↓↓↓
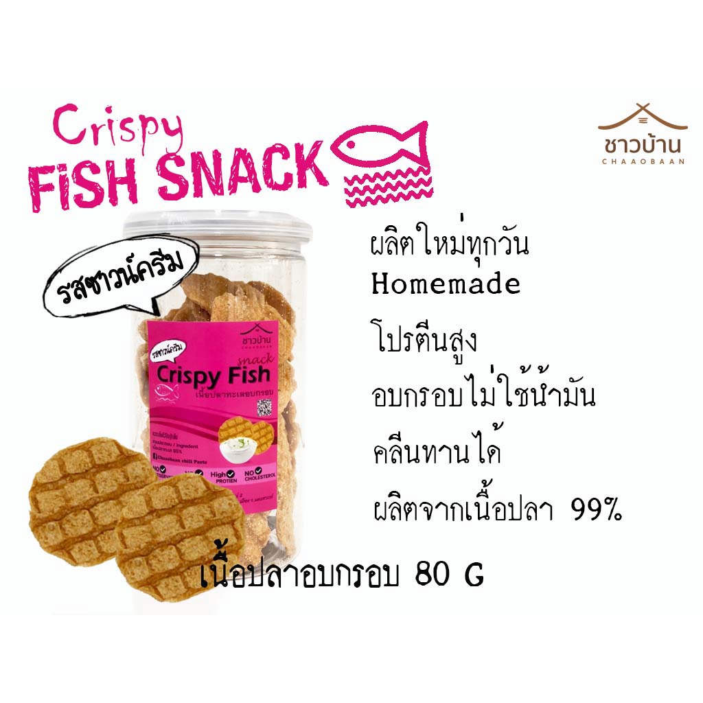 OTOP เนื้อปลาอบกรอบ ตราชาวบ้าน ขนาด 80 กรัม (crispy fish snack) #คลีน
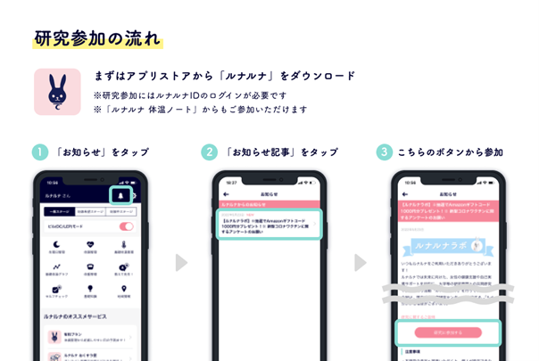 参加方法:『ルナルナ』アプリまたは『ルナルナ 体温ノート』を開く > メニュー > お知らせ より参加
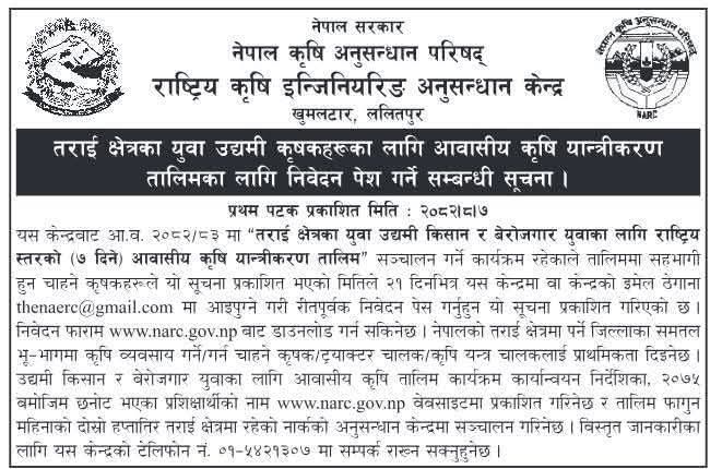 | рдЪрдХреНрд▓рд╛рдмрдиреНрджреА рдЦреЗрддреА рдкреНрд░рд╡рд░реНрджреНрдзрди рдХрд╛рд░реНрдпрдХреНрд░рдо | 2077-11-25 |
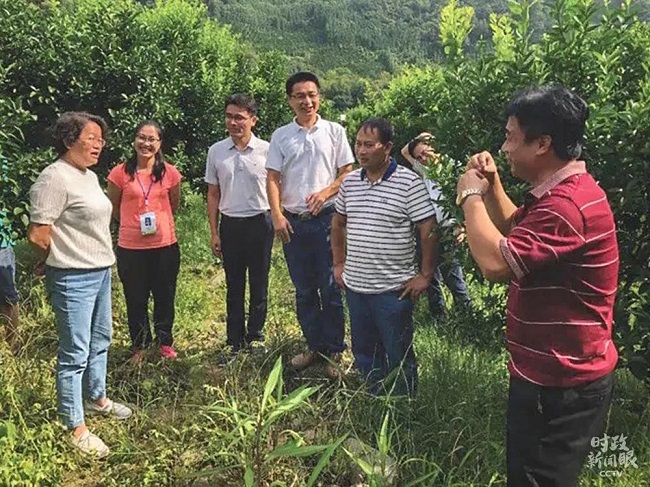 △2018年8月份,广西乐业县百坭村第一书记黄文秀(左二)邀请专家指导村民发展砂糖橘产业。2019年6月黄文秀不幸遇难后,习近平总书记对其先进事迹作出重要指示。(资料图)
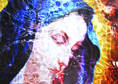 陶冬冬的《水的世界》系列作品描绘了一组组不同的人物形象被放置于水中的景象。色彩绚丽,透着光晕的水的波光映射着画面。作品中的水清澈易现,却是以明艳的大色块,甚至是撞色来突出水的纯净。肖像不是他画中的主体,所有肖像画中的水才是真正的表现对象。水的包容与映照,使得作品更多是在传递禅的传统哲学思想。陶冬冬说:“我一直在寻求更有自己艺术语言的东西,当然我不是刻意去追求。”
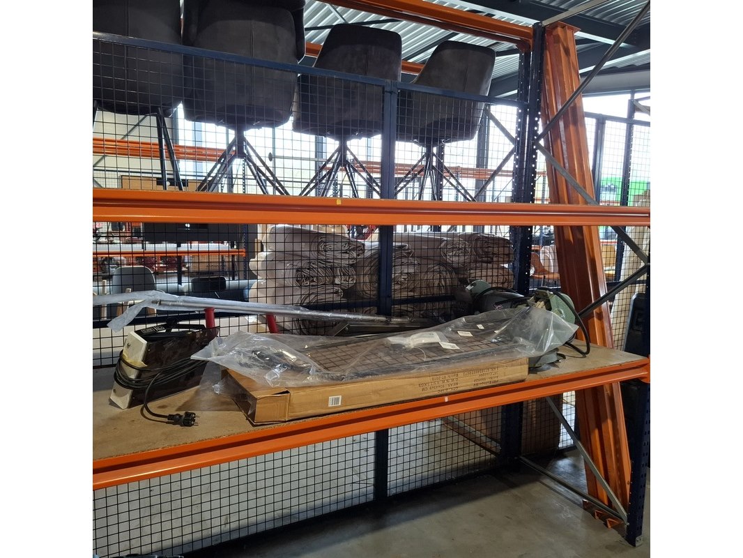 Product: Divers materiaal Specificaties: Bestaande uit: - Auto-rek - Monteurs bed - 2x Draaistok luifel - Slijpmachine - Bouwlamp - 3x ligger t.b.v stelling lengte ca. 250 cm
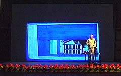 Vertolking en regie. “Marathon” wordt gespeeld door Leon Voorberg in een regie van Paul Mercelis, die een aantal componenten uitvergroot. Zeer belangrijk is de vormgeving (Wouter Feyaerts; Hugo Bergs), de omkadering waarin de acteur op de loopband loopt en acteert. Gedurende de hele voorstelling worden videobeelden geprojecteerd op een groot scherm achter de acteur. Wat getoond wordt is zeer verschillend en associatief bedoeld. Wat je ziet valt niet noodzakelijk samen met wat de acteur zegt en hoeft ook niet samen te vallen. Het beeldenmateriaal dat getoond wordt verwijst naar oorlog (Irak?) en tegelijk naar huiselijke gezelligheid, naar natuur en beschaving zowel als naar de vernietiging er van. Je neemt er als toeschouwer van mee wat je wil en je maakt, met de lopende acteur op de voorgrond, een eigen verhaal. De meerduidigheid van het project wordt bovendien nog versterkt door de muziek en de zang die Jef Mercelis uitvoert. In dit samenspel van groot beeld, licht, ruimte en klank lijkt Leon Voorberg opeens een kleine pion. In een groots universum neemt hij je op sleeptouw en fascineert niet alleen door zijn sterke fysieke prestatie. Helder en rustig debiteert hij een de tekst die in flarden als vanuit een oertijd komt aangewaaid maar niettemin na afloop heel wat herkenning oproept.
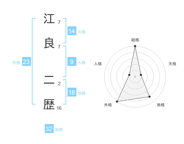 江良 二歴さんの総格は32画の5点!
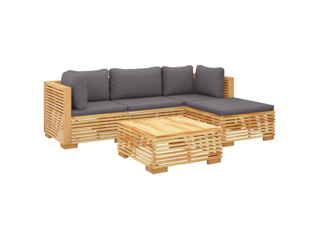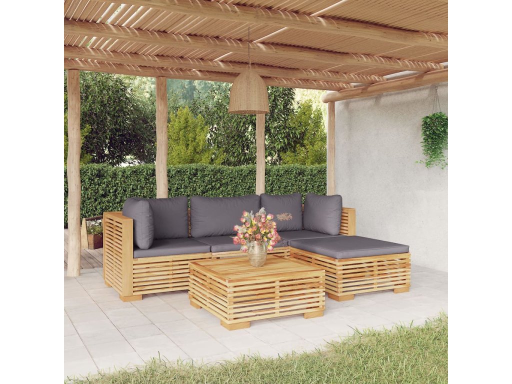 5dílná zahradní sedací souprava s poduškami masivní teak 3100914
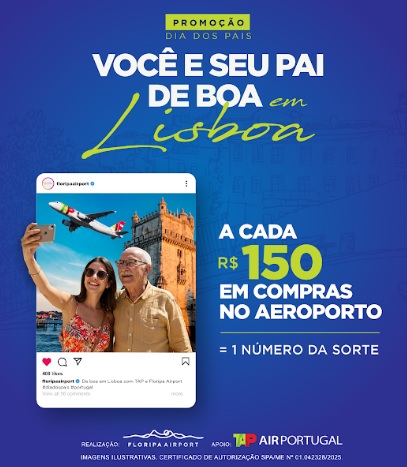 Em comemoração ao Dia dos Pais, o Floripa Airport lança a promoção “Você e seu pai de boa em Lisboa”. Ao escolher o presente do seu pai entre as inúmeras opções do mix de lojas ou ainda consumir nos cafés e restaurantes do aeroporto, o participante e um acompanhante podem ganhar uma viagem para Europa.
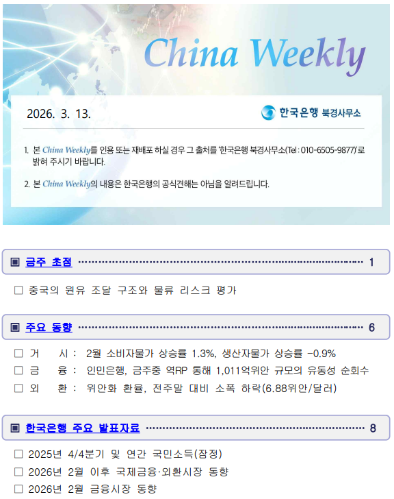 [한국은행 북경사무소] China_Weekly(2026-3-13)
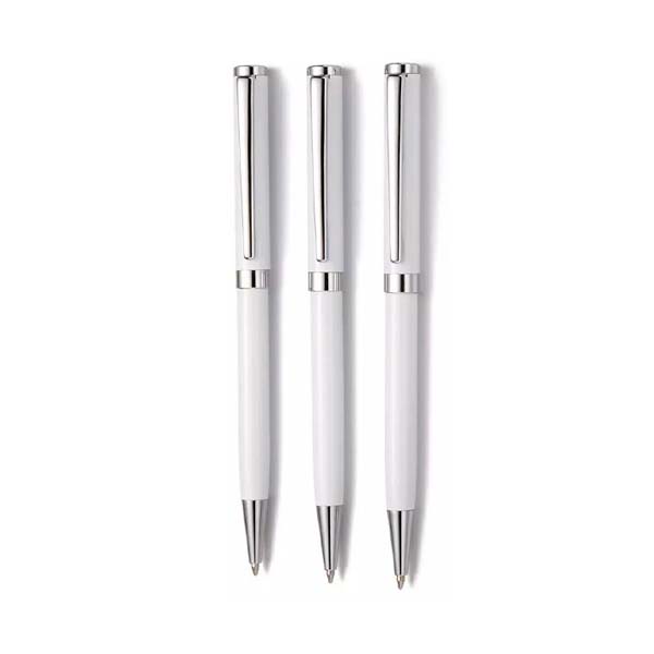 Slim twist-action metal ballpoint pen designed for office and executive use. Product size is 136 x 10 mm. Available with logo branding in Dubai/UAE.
↑↑↑
PROBLEM >>
Would you provide an exact, picture-free copy of the data above?

COMPLETED TASK >>
 OTOP เนื้อปลาอบกรอบ ตราชาวบ้าน ขนาด 80 กรัม (crispy fish snack) #คลีน
 参加方法:『ルナルナ』アプリまたは『ルナルナ 体温ノート』を開く > メニュー > お知らせ より参加
 | рдЪрдХреНрд▓рд╛рдмрдиреНрджреА рдЦреЗрддреА рдкреНрд░рд╡рд░реНрджреНрдзрди рдХрд╛рд░реНрдпрдХреНрд░рдо | 2077-11-25 |
 △2018年8月份,广西乐业县百坭村第一书记黄文秀(左二)邀请专家指导村民发展砂糖橘产业。2019年6月黄文秀不幸遇难后,习近平总书记对其先进事迹作出重要指示。(资料图)
 陶冬冬的《水的世界》系列作品描绘了一组组不同的人物形象被放置于水中的景象。色彩绚丽,透着光晕的水的波光映射着画面。作品中的水清澈易现,却是以明艳的大色块,甚至是撞色来突出水的纯净。肖像不是他画中的主体,所有肖像画中的水才是真正的表现对象。水的包容与映照,使得作品更多是在传递禅的传统哲学思想。陶冬冬说:“我一直在寻求更有自己艺术语言的东西,当然我不是刻意去追求。”
 Product: Divers materiaal Specificaties: Bestaande uit: - Auto-rek - Monteurs bed - 2x Draaistok luifel - Slijpmachine - Bouwlamp - 3x ligger t.b.v stelling lengte ca. 250 cm
 Vertolking en regie. “Marathon” wordt gespeeld door Leon Voorberg in een regie van Paul Mercelis, die een aantal componenten uitvergroot. Zeer belangrijk is de vormgeving (Wouter Feyaerts; Hugo Bergs), de omkadering waarin de acteur op de loopband loopt en acteert. Gedurende de hele voorstelling worden videobeelden geprojecteerd op een groot scherm achter de acteur. Wat getoond wordt is zeer verschillend en associatief bedoeld. Wat je ziet valt niet noodzakelijk samen met wat de acteur zegt en hoeft ook niet samen te vallen. Het beeldenmateriaal dat getoond wordt verwijst naar oorlog (Irak?) en tegelijk naar huiselijke gezelligheid, naar natuur en beschaving zowel als naar de vernietiging er van. Je neemt er als toeschouwer van mee wat je wil en je maakt, met de lopende acteur op de voorgrond, een eigen verhaal. De meerduidigheid van het project wordt bovendien nog versterkt door de muziek en de zang die Jef Mercelis uitvoert. In dit samenspel van groot beeld, licht, ruimte en klank lijkt Leon Voorberg opeens een kleine pion. In een groots universum neemt hij je op sleeptouw en fascineert niet alleen door zijn sterke fysieke prestatie. Helder en rustig debiteert hij een de tekst die in flarden als vanuit een oertijd komt aangewaaid maar niettemin na afloop heel wat herkenning oproept.
 江良 二歴さんの総格は32画の5点!
 5dílná zahradní sedací souprava s poduškami masivní teak 3100914
 Em comemoração ao Dia dos Pais, o Floripa Airport lança a promoção “Você e seu pai de boa em Lisboa”. Ao escolher o presente do seu pai entre as inúmeras opções do mix de lojas ou ainda consumir nos cafés e restaurantes do aeroporto, o participante e um acompanhante podem ganhar uma viagem para Europa.
 [한국은행 북경사무소] China_Weekly(2026-3-13)
 Slim twist-action metal ballpoint pen designed for office and executive use. Product size is 136 x 10 mm. Available with logo branding in Dubai/UAE.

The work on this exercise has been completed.